The moral of the story is that well-executed online advertising delivers results throughout the marketing funnel and those results come through in the metrics, when the metrics applied are meaningful.

Microsoft continues its push into online branding

As I work through my current events backlog after coming back to the office, I wanted to call out this press release from  Microsoft re: their recent deal with comScore to provide enhanced R/F and audience composition tools for branding-focused media buyers.  The release highlights a theme we are passionate about at Brand.net and have mentioned time and again on this page:  online advertising lacks brand-friendly metrics and tools, which makes it too difficult for brand buyers to plan and manage campaigns in a manner consistent with the rest of their (primarily offline) spend.   These metrics and tools position brand marketers to deliver real business results and are essential in helping brand budgets follow audiences online.  Our friends at Microsoft were even kind enough to quote our analysis estimating only 5% of brand budgets have yet made this transition.  As today’s Wall Street Journal also observed, this represents a major opportunity for all the players in the space.  It’s great to see the online ad industry increasingly recognizing the brand challenge/opportunity and mobilizing to address it!

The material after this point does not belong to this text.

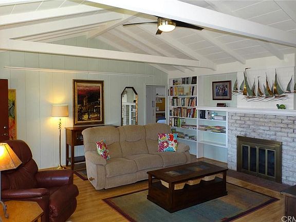 First time on the market for this classic Laguna Beach ocean view cottage. The 1939 residence has all the character of early beach home construction with hardwood floors, beamed ceilings, built-in cabinetry and z-style barn doors. Ocean views to the south and to Catalina Island. The board and batten constructed residence is situated on a 12,000 square foot parcel that borders open space wilderness. On the Street side is a 3 car garage w/ 8' opening, enormous ocean view garage-roof deck and studio space. On the West Canyon side is found a large lawn, patios, wooded valley and winding trail to the wilderness area. The main house has four bedrooms, two baths, den, large living room with fireplace, ocean view dining area and an upgraded kitchen. The sunlit living room and kitchen area offers great potential for creating an ocean view great room. Despite the elevation, the main level can be accessed without stairs. Less than 10 minute walk to beach, shops, restaurants and hiking trails. Three generations of ownership have taken fine care of this special property. Truly a unique and large ocean view site.

How Big is Your Ad Network?

Over the weekend, I read an interesting iMedia post from last Thursday.  The author directly and convincingly challenges the importance that many seem to place on the comScore unique reach numbers as a basis of comparison for ad networks.  I have been thinking about this for a while and I agree that raw reach on comScore is a very narrow gauge at best and extremely flawed at worst.  Of all of his ideas, I think the most interesting is rating networks by renewal rate.  I think the important high-level point there is to include a notion of quality, which has been sorely lacking in all of these measurements.  In evaluating and comparing networks, is 1M uniques reached in below the fold placements on second tier social network sites the same as 1M uniques reached in branded, contextually relevant women’s lifestyle content?  Is 1M uniques reached for P&G on the first of many campaigns the same as 1M uniques reached for a predatory debt consolidation company who cancelled halfway through the campaign and never came back?  For some perhaps, but for most of the Ad Age 100 the answer to both questions is “no”.  I would also echo the author’s point about the overlap among networks.  Overlap affects the aggregate reach & frequency of a campaign, so unless a marketer is running a  CPA campaign they need to push their media partners for reach commitments on a campaign by campaign basis.  As the author points out, the overall reach of a network should be much less important to a marketer than the network’s reach on that marketer’s campaign.  Smooth, complete delivery with tightly managed frequency should be the expectation on every campaign.  High quality campaigns running in high quality inventory with high quality execution – now that’s a good basis for comparison.